Feed intake and nutrient digestibility

The study revealed significant differences in dry matter intake (DMI) among the treatment groups (p<0.05; Table 3). Sheep fed the 40% Psophocarpus diet (T3) had the highest DMI, while those in the 100% corn silage diet (PS0) consumed the least. The 20% Psophocarpus diet (PS20) group exhibited intermediate intake levels (Table 3). The higher DMI in T3 group could be attributed to the palatability of legumes, or higher nutrient digestibility and nutrient-dense than corn silage (p<0.05, Table 3). Some studies have shown that substituting grass silages by legume silages was generally associated with increased DMI (Dewhurst, 2013; Huhtanen et al 2007), which aligns with the findings of this study. But previous study suggested that there was a negative relationship between legume inclusion and DMI in ruminant (Castro-Montoya and Dickhoefer, 2018). Lower digestibility may result in a higher passage rate (Krizsan et al 2010) or the silage containing legumes has higher NDF content than sole maize silage (Castro-Montoya and Dickhoefer, 2017).
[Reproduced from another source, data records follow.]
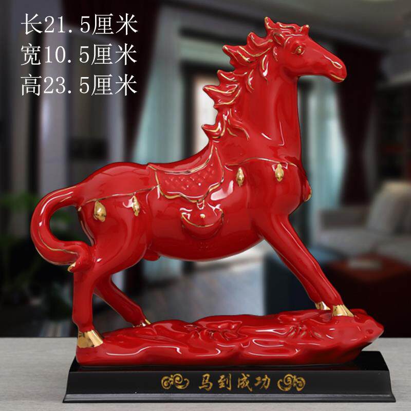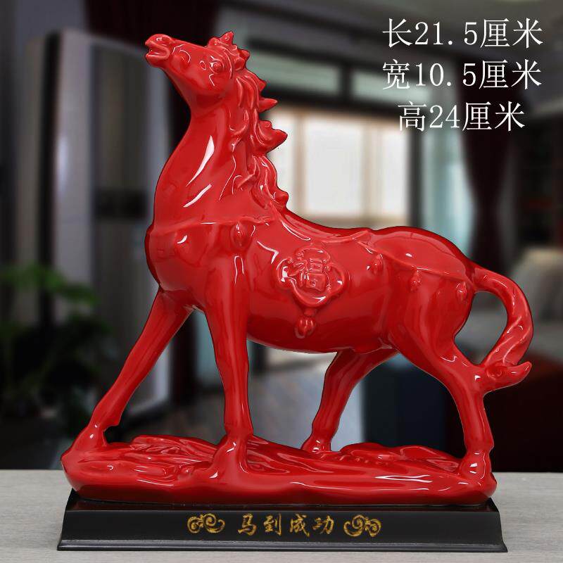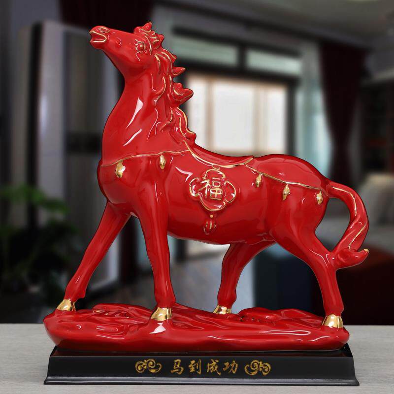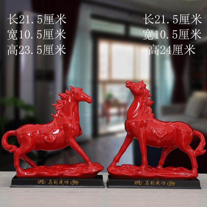 高档一室对红色陶瓷马摆件十12肖招财二瓷器马客生厅办公摆设马到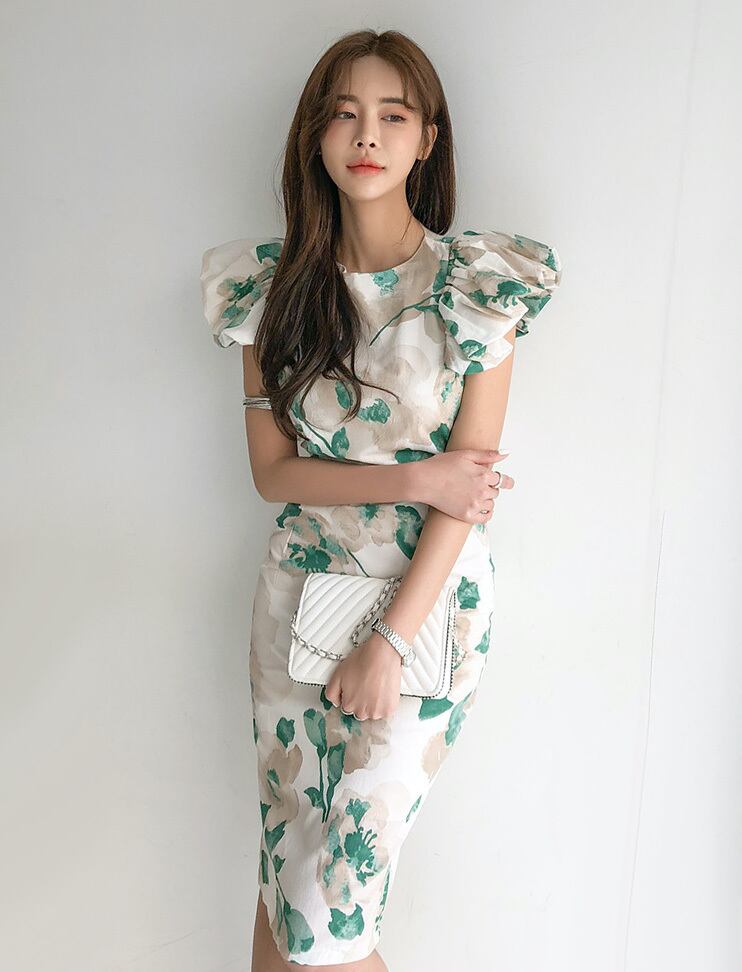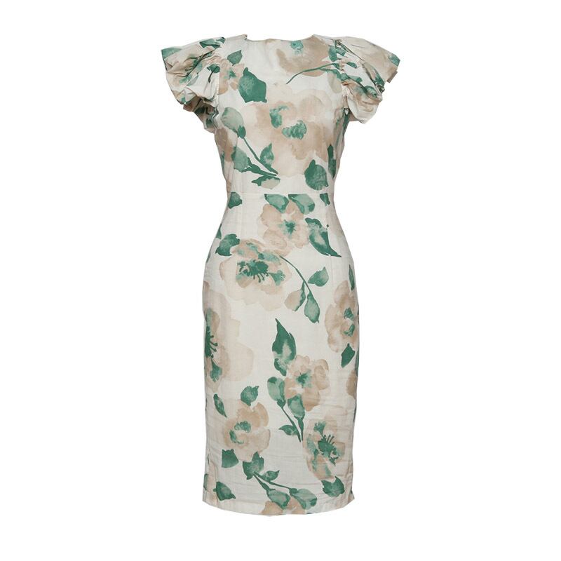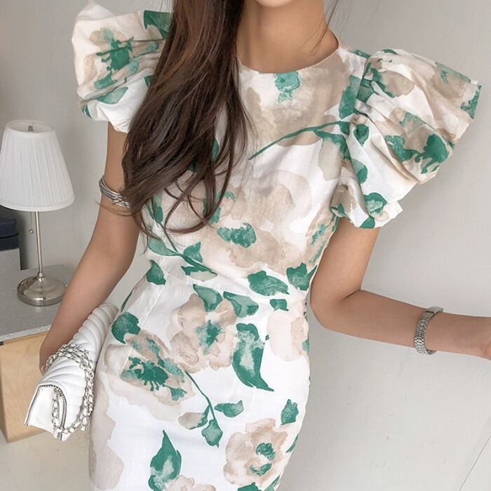 フラワープリント 蓮の葉スリーブ ミドル丈ドレス b400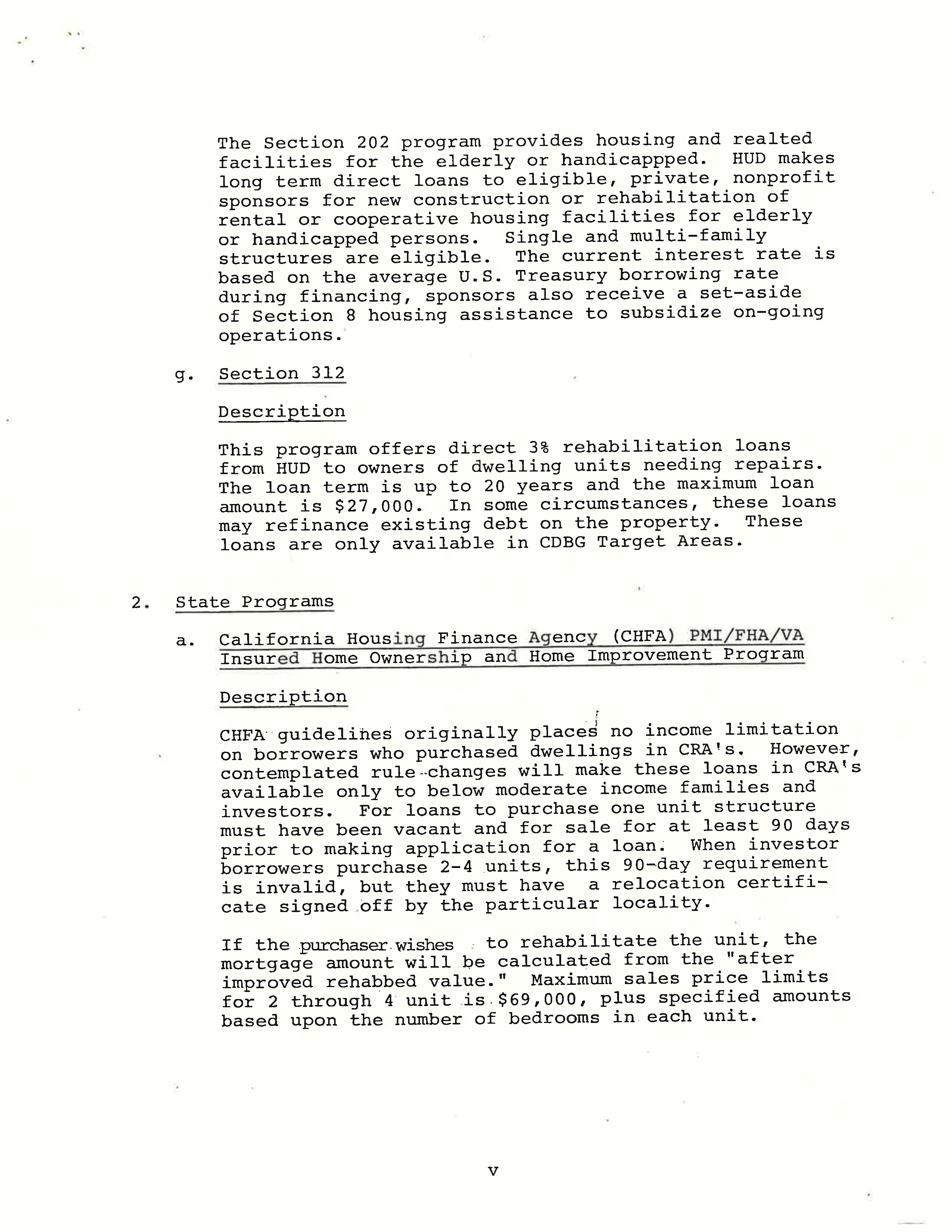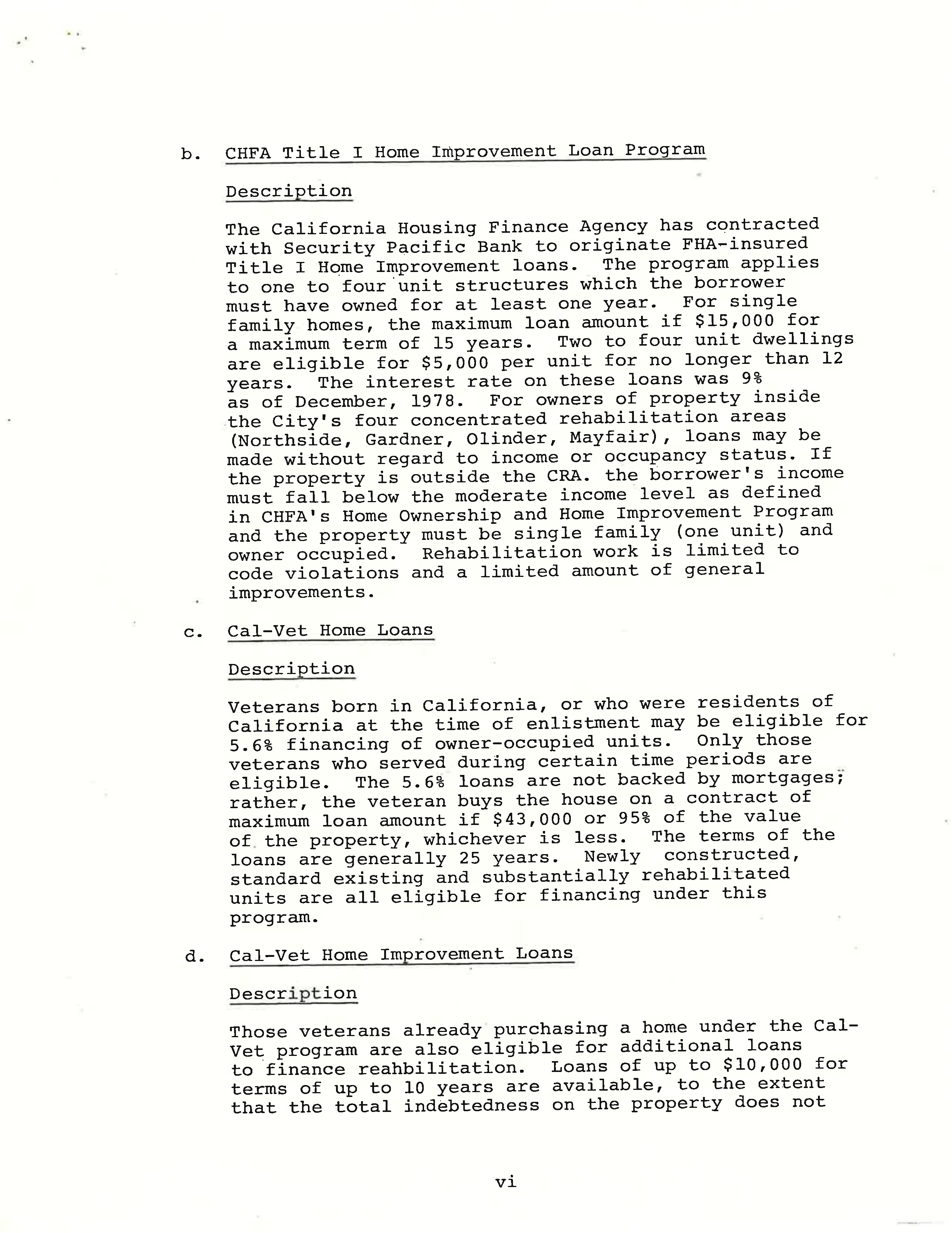 The California Housing Finance Agency has contracted with Security Pacific Bank to originate FHA-insured Title I Home Improvement loans. The program applies to one to four unit structures which the borrower must have owned for at least one year. For single family homes, the maximum loan amount if $15,000 for a maximum term of 15 years. Two to four unit dwellings are eligible for $5,000 per unit for no longer than 12 years. The interest rate on these loans was 9% as of December, 1978. For owners of property inside the City's four concentrated rehabilitation areas (Northside, Gardner, Olinder, Mayfair), loans may be made without regard to income or occupancy status. If the property is outside the CRA. the borrower's income must fall below the moderate income level as defined in CHFA's Home Ownership and Home Improvement Program and the property must be single family (one unit) and owner occupied. Rehabilitation work is limited to code violations and a limited amount of general improvements.

Similarly, Longo et al. (2008) found that sheep fed with 40% Leucaena leucocephala showed increased DMI, but DMI decreased when the inclusion level of Leucaena leucocephala was increased to 60%. The intermediate DMI observed in the PS20 group (80% corn stover silage + 20% Psophocarpus) suggests that while a high level of Psophocarpus can increase intake, combining a lower level of Psophocarpus with corn silage may moderate this effect. The results from this study and previous research suggest that the optimal level of legumes in ruminant diets may be less than 40%.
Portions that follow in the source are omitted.